Ministry of Information and Communications Technology
- Coat of Arms of Uganda

Ministry overview
- Type: Ministry
- Jurisdiction: Government of Uganda
- Headquarters: 10-12 Parliament Avenue Kampala, Uganda
- Ministry executive: Chris Baryomunsi, Minister of Information and Communications Technology;
- Website: Homepage

= Ministry of ICT and National Guidance =

Government ministry of Uganda

The Ministry of ICT and National Guidance (formerly the Ministry of Information and Communications Technology) is a cabinet ministry of Uganda. The ministry is headed by Hon.
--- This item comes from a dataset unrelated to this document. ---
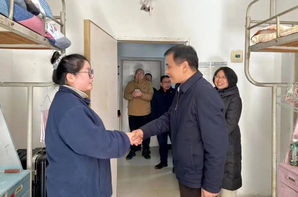 1月25日,学校党委书记邓院方带队前往学生宿舍看望慰问寒假期间留校备赛的学生代表。邓书记详细了解了同学们备赛训练以及生活保障情况,勉励大家勤学苦练争取取得优异成绩,也提醒同学们注意消防安全,要求相关部门和学院做好后勤保障和安全教育工作,确保学生在校期间生活无忧,保障到位,邓院方书记还检查了学生宿舍消防安全设施设备情况。

Justine Kasule Lumumba.

==Location==
The headquarters of the ministry are located at ICT House, 10-12 Parliament Avenue, in Kampala Central Division, in the capital city of Kampala. The coordinates of the headquarters of the ministry are 00°18'49.0"N, 32°35'13.0"E (Latitude:0.313622; Longitude:32.586938).

==Overview==
The ICT ministry was created in 2006. The ministry is mandated to provide leadership, coordination, support, and advocacy in the formulation of policies, laws, regulations, and strategies for Uganda’s ICT sector, thereby fostering the achievement of national development goals. Ruth Nankabinwa, the current ICT cabinet minister, has set a medium-term goal for Uganda to join the six leading African countries in the ICT sector.

==List of ministers==
===Minister of ICT and National Guidance===
- Chris Baryomunsi (8 June 2021 - present)

===Minister of Information and Communications Technology===
- Judith Nabakooba (14 December 2019 - 6 June 2021)
- Frank Tumwebaze (6 June 2016 - 14 December 2019)
- Dr. Ham Mukasa Mulira - Pioneer Cabinet Minister of ICT.
===Minister for Information and National Guidance===
- Jim Muhwezi (1 March 2015 - 6 June 2016)
- Rose Namayanja (23 May 2013 - 1 March 2015)
- Mary Karooro Okurut (27 May 2011 - 23 May 2013)
- Kabakumba Masiko (16 February 2009 - 27 May 2011)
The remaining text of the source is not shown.